Of course, if that were considered a likely scenario (generally microsecond collisions at the row level would only be at high probability if you had high concurrency on a record), you have a number of paths open for resolving it, the one that I've usually ended up with is that the two concurrent updates actually should be to two different records ANYWAY (usually you add a client ID to the key, for example) because you want to have a record of them which is later resolved when any partitioning issues are addressed (so, you write with ANY consistency to a log, have sloppy real-time reads that are consistency ONE, but then have another process which does ALL consistency reads on the log and then resolves any conflicts using application logic, before writing with QUORUM consistency to the "source of truth".

Alternatively, you can simply provide a client generated timestamp which has a different scale/resolution with a lower order bits being truly random values. For example, if you have that kind of high-concurrency, you probably don't need to handle a range of timestamps beyond ~50 days. You can then use a client generated timestamp which is a combination of 32 high order bits for milliseconds since the epoch and then a random 32-bit value for the low order bits, which makes the odds of a collision on the timestamp pretty good even for highly concurrent cases.

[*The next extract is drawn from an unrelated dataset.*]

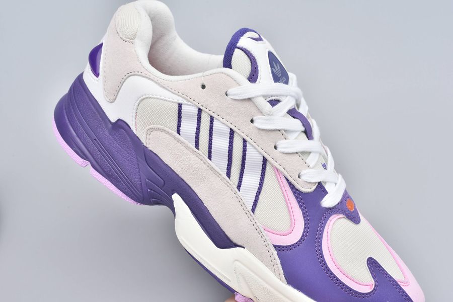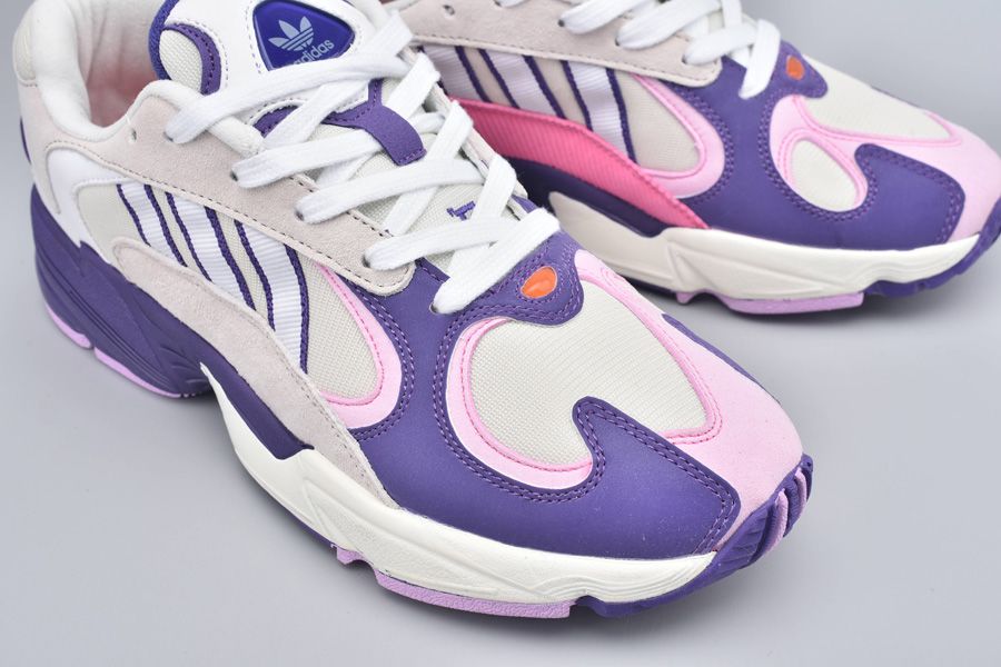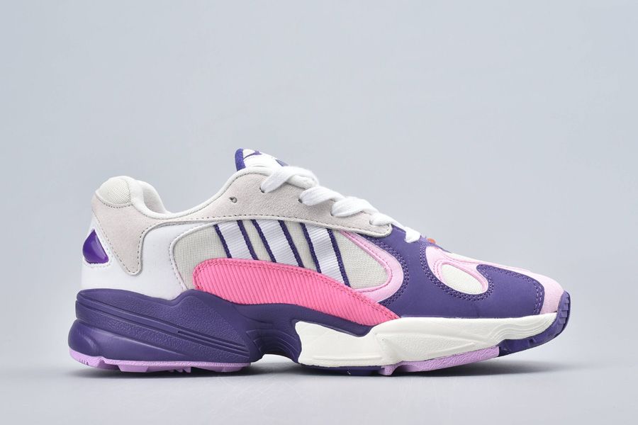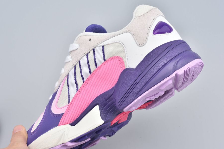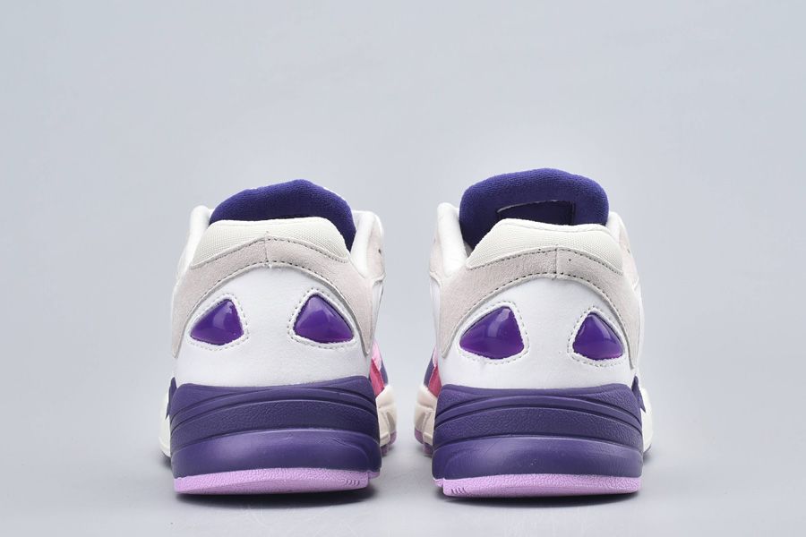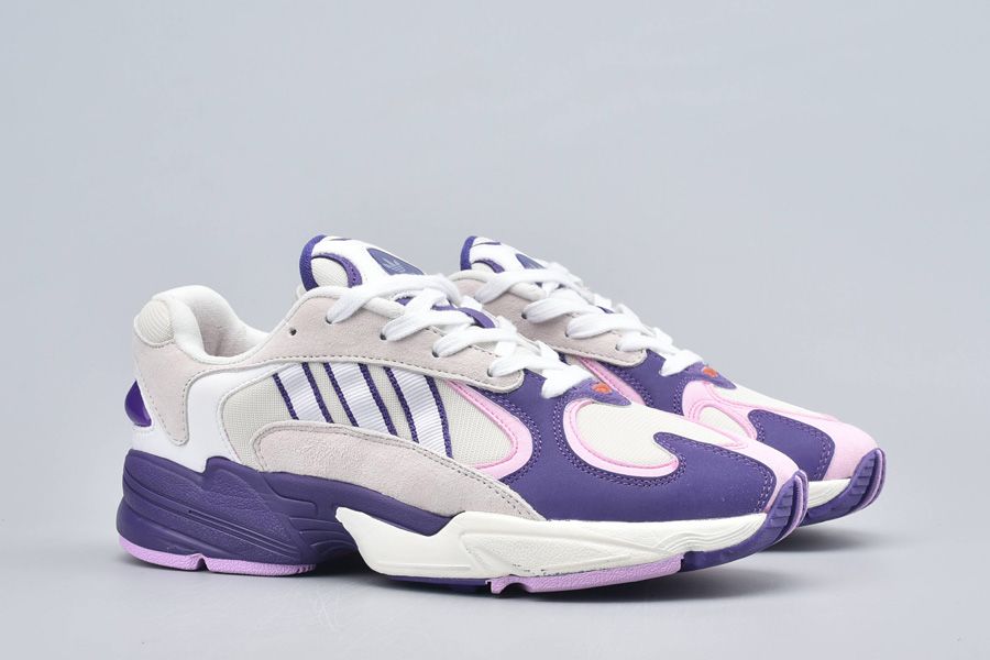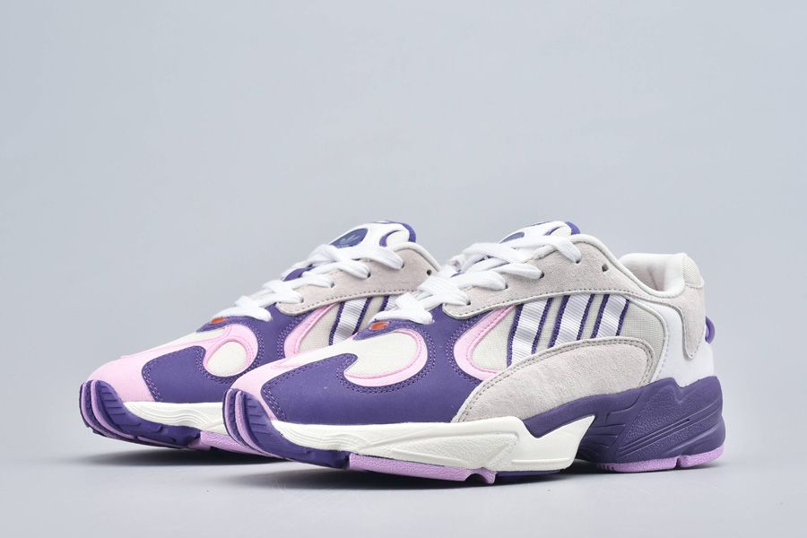 Dressed in a Cloud White, Unity Purple and Clear Lilac color scheme. Designed to look like the character Frieza, the shoe sports a White mesh and leather upper paired with Purple and Pink contrasting accents. The models design inspiration comes from the Yeezy Wave Runner 700 as well as the Temper Run Runner from the ’90s.
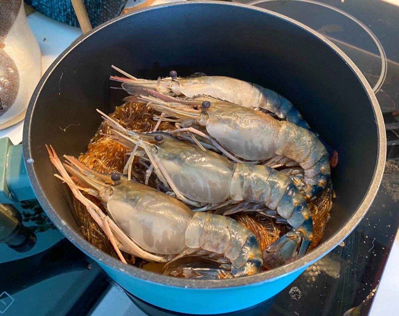 กุ้งอบวุ้นเส้นทำเอง ใช้กะทะ แทนหม้อ อบง่ายๆ

I'm curious about the use case where you'd have all the concurrency with different but overlapping values, but you'd not want to record them separately and then have some custom app logic for resolving them.

aphyr · on Sept 5, 2013

if that were considered a likely scenario

When timestamps are selected by the Cassandra nodes, I can replicate this failure in 2% to 5% of writes. When timestamps collide, I can replicate this failure in 99.9% of writes. Given that the whole point of isolation is to provide invariants during concurrent modification, it doesn't make any sense to claim that a write is transactionally isolated only insofar as it is not concurrent with other writes.

cbsmith · on Sept 5, 2013

> I can replicate this failure in 2% to 5% of writes.

Yeah, I'm curious about how you achieved those numbers.

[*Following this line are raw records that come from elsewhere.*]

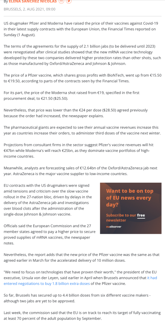 … e mentre la scienza annuncia che la variante Delta “buca il vaccino” (ossia protegge dai sintomi gravi e decessi ma non necessariamente da infezione e contagio), Pfizer e Moderna rinegoziano il prezzo per dose con l’Unione europea e lo aumentano a quasi 20 euro. Motivo: “I nostri vaccini proteggono di piu”
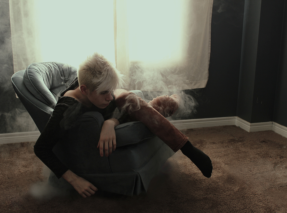 这个作品是在我朋友家中的客厅里拍摄的。我的朋友和我将所有的家具转移到不碍事的地方,并将扶手椅置于中央,窗户的前面,以便更柔和自然的光线能够进入。由于从放在一边的烟雾机里出来的烟不断地发生变化,我必须不间断地拍摄,这个拍摄结束的时候我留下了100多张照片。
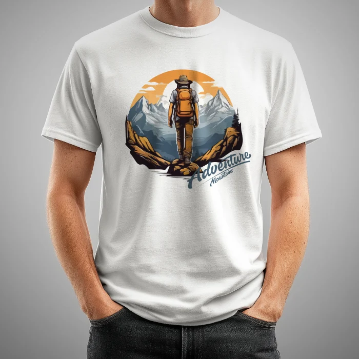 Camiseta aventura y montaña, con el texto «Adventure Mountains».
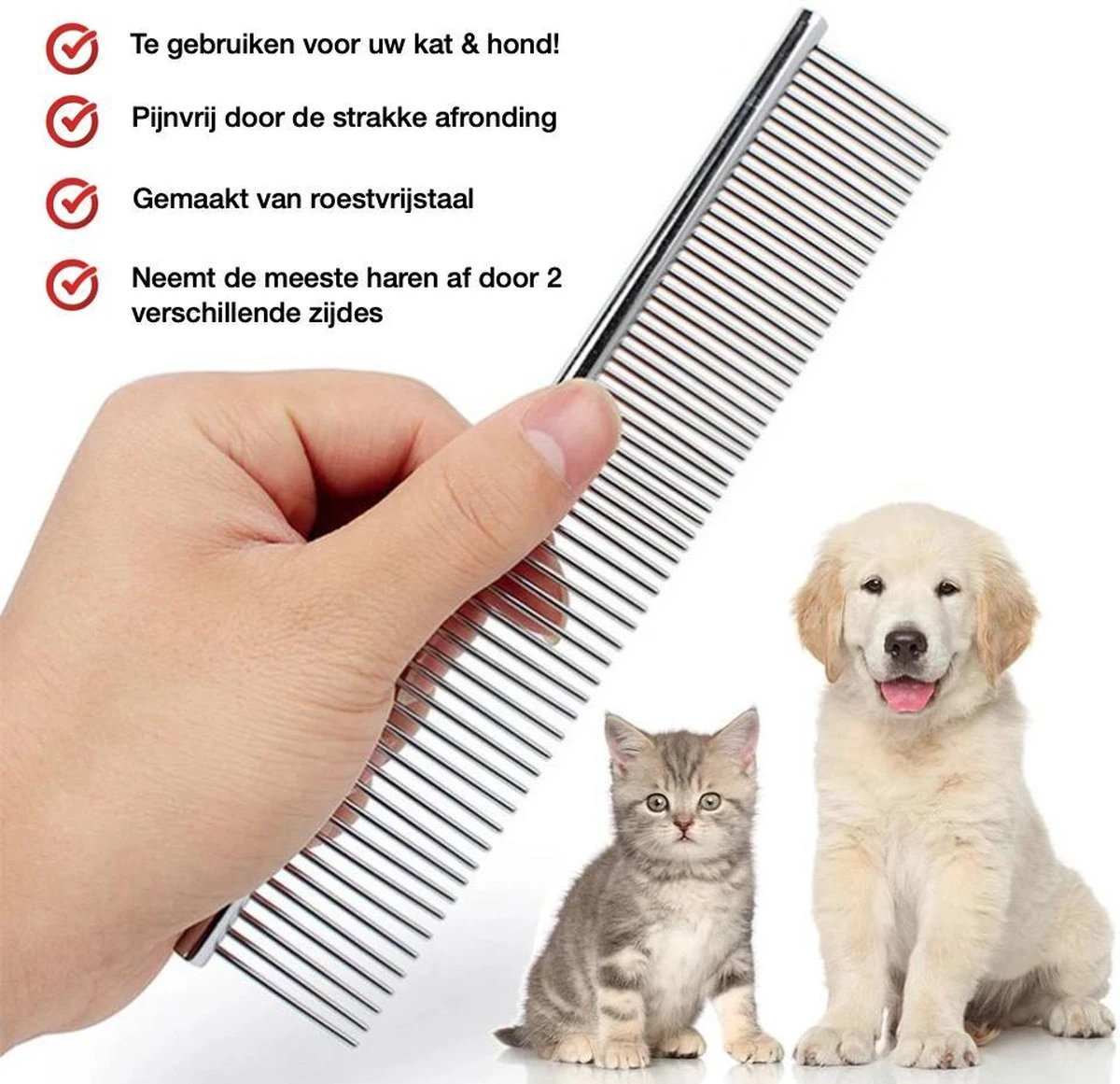 Merkloos Anti-Klit- Kam – Haarverwijderaar Voor Huisdieren – Pijnloos – Roestvrijstaal – Huisdiervriendelijk

Your test that gets that 2-5% of writes (though your docs say 7.5%) to be messed up... what is really is measuring is the probability that out of 5 concurrent clients writing to 4 servers, at least two will finish writing to a row with the exact same timestamp... AND that they will be the LAST ones to write to that row. If just one of those clients ends up just a hair behind the other four, then you should register 0 collisions.

What is even weirder is your benchmark takes 100 seconds to complete what amounts to 5000 writes, or averaging a rate of 50 writes per second, 10 writes per client per second. Those are pathetic numbers for a one node Cassandra cluster, let alone a four node one. WTF is going on here?

Even more confusing, you are writing with ANY consistency, which means that in many cases those writes will be stamped and committed on different nodes, yet somehow getting the same timestamp. Odds on this seem... highly suspect. It almost seems like your clock only has 1 second resolution, which is weird. Have you checked the writetime timestamps on your records?

I've done writes at much higher rates where we recorded the timestamps of every single write operation. We've yet to get the same timestamp on two operations.

I also see Cassandra timeouts while writing with consistency ANY, yet are still somehow getting timeouts with this operation. That really screams to me that the cluster is truly messed up.

Now, as you say, if you control the timestamps, you get collisions 99.9% of the time. I don't even get why it isn't just straight up 100% for that case.

> Given that the whole point of isolation is to provide invariants during concurrent modification

I think it is fair to say that you don't have transaction isolation if the timestamps are exactly the same. That is just an exceedingly low probability event unless you have a LOT of transactions per second.

I'd dump the "writetime(a), writetime(b)" values to get an idea of what is going on there.... something smells and there is a lot less cardinality in those timestamps than I'd expect.

aphyr · on Sept 5, 2013

Yeah, I'm curious about how you achieved those numbers.

Jepsen's code is open source (http://github.com/aphyr/jepsen) and I've written extensively about the techniques involved; see http://aphyr.com/tags/jepsen for details. Cassandra work is upcoming; no formal writeup yet.

Your test that gets that 2-5% of writes (though your docs say 7.5%) to be messed up...

Sorry, 2-5% was my mistake. Been playing around with the parameter space; numbers vary a bit.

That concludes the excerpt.